Walasse Ting (, 13 October 1928 - 17 May 2010) was a Chinese-American visual artist and poet. His colorful paintings have attracted critical admiration and a popular following. Common subjects include nude women and cats, birds and other animals.

==Background==
He was born on 13 October 1928 in Wuxi, China. The youngest of four sons of Ting Ho Ching and Ying Ping Si, who owned and managed factories that made boxes and other things. He briefly studied art at Shanghai College of Fine Arts. In 1951, he moved to Hong Kong, then settled in Paris shortly thereafter.

==Career==
Ting started his career as an artist in Paris in the 1950s. There, he associated with artists such as Karel Appel, Asger Jorn, and Pierre Alechinsky, members of the avant-garde group CoBrA. In 1957, he moved to the United States, and settled in New York where his work was influenced by pop art and abstract expressionism. He began primarily as an abstract artist, but the bulk of his work since the mid-1970s has been described as popular figuratism, with broad areas of color painted with a Chinese brush and acrylic paint.

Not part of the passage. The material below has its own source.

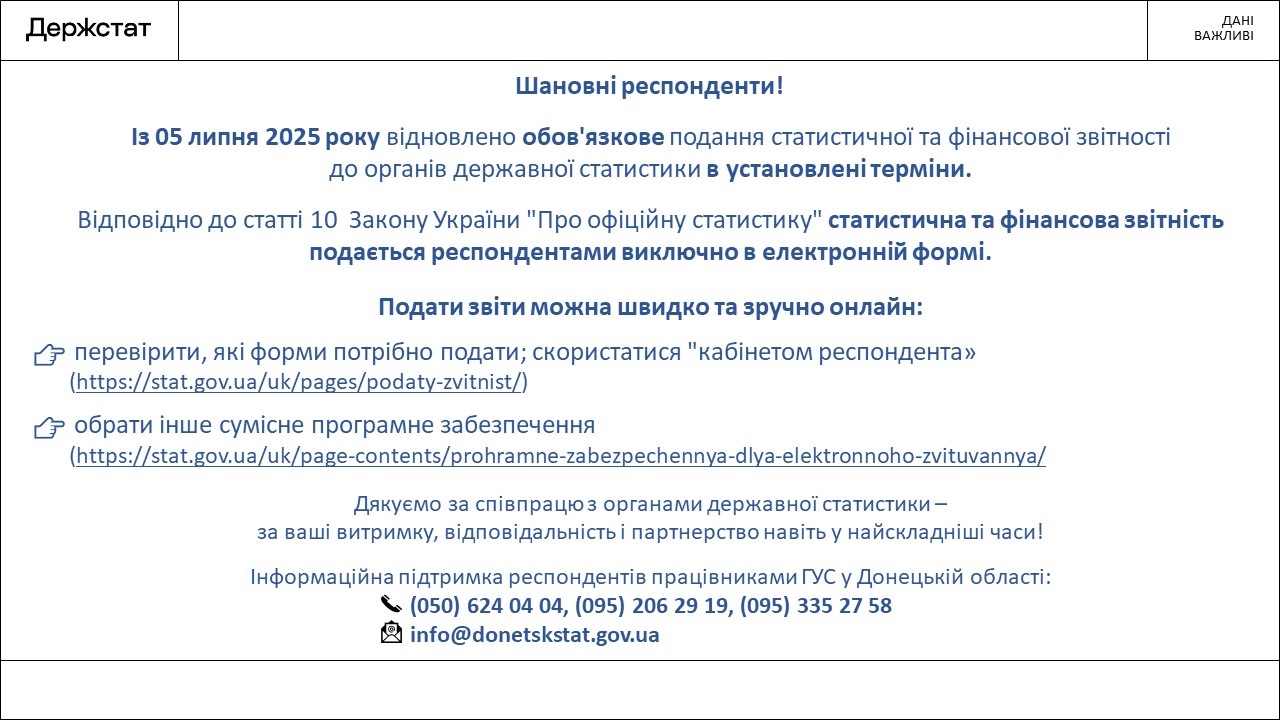 З 5 листопада 2025 року працює новий ПОРТАЛ ОФІЦІЙНОЇ СТАТИСТИКИ (stat.gov.ua). Сайт Держстату (ukrstat.gov.ua) не оновлюється.

He is perhaps best known for his series of paintings featuring women, which he called "Cat Women." These works often featured female figures surrounded by flowers and other decorative elements. Ting was also known for his collaborations with poets, including Allen Ginsberg and Gary Snyder, and his own poetry, which often featured themes of love and desire.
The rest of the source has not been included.